Quando, finalmente, chega a hora do aguardadíssimo confronto entre estes dois ícones da Cultura Pop (que talvez sejam os mais famosos super-heróis de toda a História, encantando gerações desde que surgiram, nos anos 1930), a luta em si é mesmo visceral e tempestuosa, com direito a closes e câmeras lentas, marcas registradas do diretor de 300. Todavia, a solução encontrada pela trama para que a batalha de fato ocorra é tão rasa tanto quanto sua resolução. Agora, convenhamos, a suspensão da descrença é imprescindível para que uma obra assim seja apreciada.

Complementado por um ótimo e estelar elenco de apoio, Batman Vs Superman traz ainda um bônus que parece estar (até que enfim) agradando a todos: a Mulher-Maraviha. Apesar de ela surgir aqui e ali sem motivo aparente (seu primeiro nome nem sequer é mencionado), quando a heroína, vivida pela lindíssima modelo e atriz israelense Gal Gadot, dá o ar da graça com seu ‘traje de combate’, ela realmente rouba a cena, e nos dá uma maravilhosa prévia de como deverá ser seu filme solo, com lançamento marcado para o ano que vem.
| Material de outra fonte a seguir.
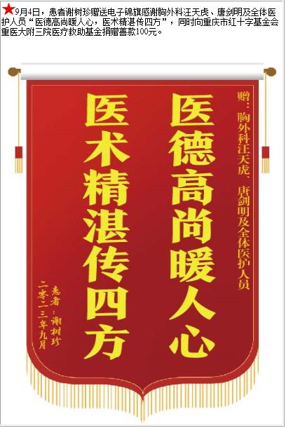患者谢树珍赠送电子锦旗感谢胸外科汪天虎等人及全体医护人员,并向医疗救助基金捐赠善款100元-锦旗-患者心声-患者服务-重庆医科大学附属第三医院【官方网站】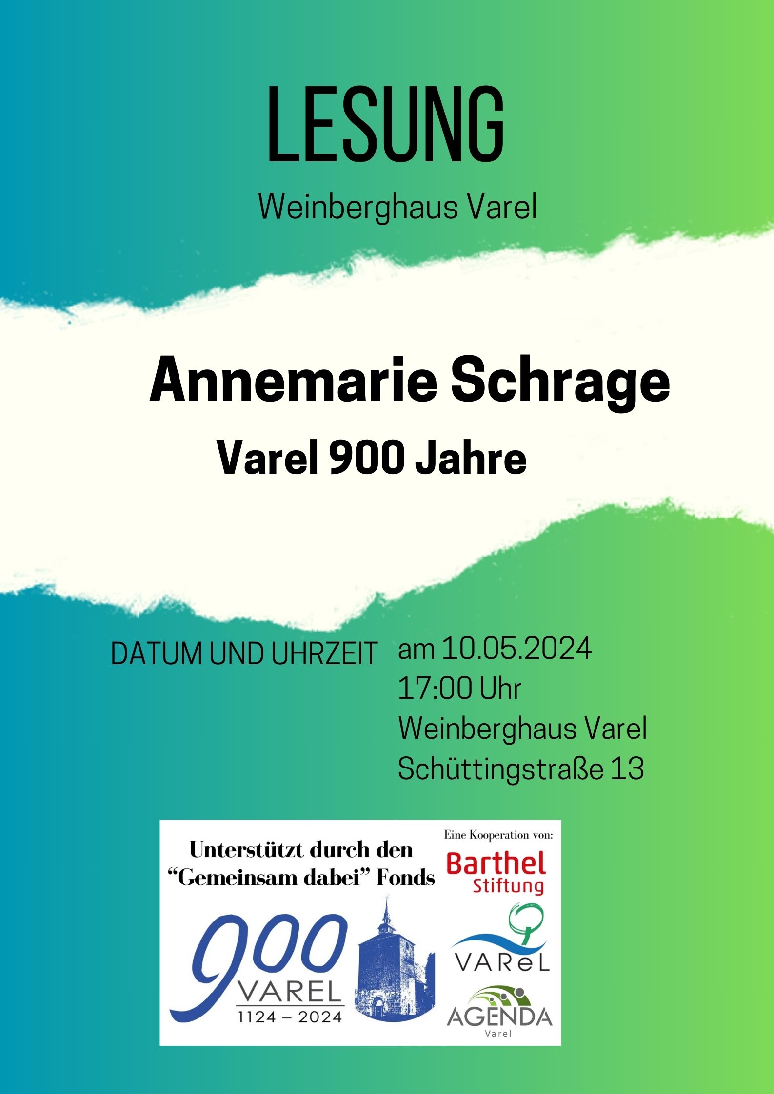 Annemarie Schrage liest aus ihrem neuen Buch "900 Jahre Varel" am Freitag, 10.05.2024 um 17 Uhr im Weinberghaus Varel. In Ihrem neuestem Buch macht sie eine Zeitreise in die letzten…

Ainda ouviremos falar muito sobre ela... ATENÇÃO: a próxima frase não chega a ser um spoiler, mas dá uma pista. Se preferir, pule para o último parágrafo.

Você já tinha reparado que as mães de Bruce Wayne e Clark Kent têm o mesmo primeiro nome, Martha? Nem eu...

Sobrepondo, pois, trevas à luz, a DC mantêm o seu estilo sombrio na tela. Ocorre que, desde a virada do milênio, o público foi se acostumando com a ‘marvelização’ dos filmes de super-heróis (mais leves, coloridos e bem-humorados), e talvez a estranheza causada por essa proposta tão reversa apresentada pela Warner seja até, em parte, compreensível. Mas foi muito bom constatar que a rivalidade histórica entre a Marvel Comics e a sua Distinta Concorrente tomou forma também na telas do cinema, em que a última está oferecendo ao consumidor um produto novo, com uma embalagem e um conteúdo bem diferenciados dos que até então estavam nas prateleiras. Enquanto a Marvel desenvolve suas tramas quase sempre em plena luz do dia, a DC deixou sua opção pelo escuro muito clara! Enquanto a Marvel optou pela humanização de seus super-heróis na tela, a DC preferiu retratá-los como lendas. Isso não quer dizer que uma abordagem seja melhor ou pior do que a outra, são apenas... diferentes. E você, de que lado preferiu ficar? Um passo importantíssimo foi dado para que, com o decorrer dos anos, estejamos tão acostumados com esses personagens quanto já nos acostumamos com aqueles. Que o tempo possa sanar as más impressões, o estúdio possa corrigir eventuais falhas e o público possa se deleitar com filmes fabulosos que poderão ser realizados. Universo Cinematográfico DC, seja bem vindo!